When you couple mulching with the application of soil amendments and fertilizers you can actually help to speed up the rate at which the amendments and fertilizers become bio-available by adding a mulch layer. Adding a mulch layer after the application of organic fertilizers will increase the microbial activity at the soil surface, thus the microbes and soil critters, will digest the fertilizer faster, making the nutrients available to the plants quicker than if you hadn't applied a mulch layer.

Conserving water is a huge factor that the agriculture industry is going to have to deal with when it comes to growing crops. In organic production, adding a layer of mulch can help slow the evaporation of moisture from the soil. By doing this it will also keep the top layer of soil from drying out, and becoming hard or compacted. This will give the plants more healthy soil to grow in and less stress to deal with. A mulch layer will not only conserve water, but it can help slow down rains so that they soak up into the soil instead of running off the side of the field, or container. This means leaching will be slowed, and or stopped and less nutrients will be needed for each seasons crops.

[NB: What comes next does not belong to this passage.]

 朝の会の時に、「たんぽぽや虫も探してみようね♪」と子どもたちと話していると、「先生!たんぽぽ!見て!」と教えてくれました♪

Suppressing weeds in agriculture is typically done with machinery scraping through rows, or via chemical sprays like round-up. By using thick seed free mulch layers you can naturally suppress the growth of weeds without the use of any chemicals or extra labor. Weeds can compete for nutrients in the soil, take much needed water, and be vectors for pests and disease. By mulching you suppress the weeds, and also extend the amount of soil is available for the plants roots to grow into, as well as increasing the available biology in the soil.

Adding in organic matter to natural soil can help the texture, and increase performance of said soil. The mulch layer will begin to be invaded by micro-organisms, and insects and start to be broken down on the soil layer. This increased activity will naturally till your soil via insects and soil biology and improve the overall health of your soil.

A mulch layer can be made up of many different inputs. Commonly used are hays, and straws made from grasses. Bermuda hay, alfalfa hay, barley, etc, are all very good options to use as a mulch layer. They are readily available, and the cost is minimal. Using locally sourced waste products can help to clean up the environment, save you money, and help your garden. Things like rice hulls, pecan shells, cotton hull waste, etc.. can be sourced from local manufacturers and purchased or even procured free.

Adding a mulch layer to any organic garden can bring many benefits, which will easily out way the cost. Just make sure that the mulch layer is seed free, and also won't throw off the balance of the soil nutrients or biology. Grasses and straws are always a safe pace to start.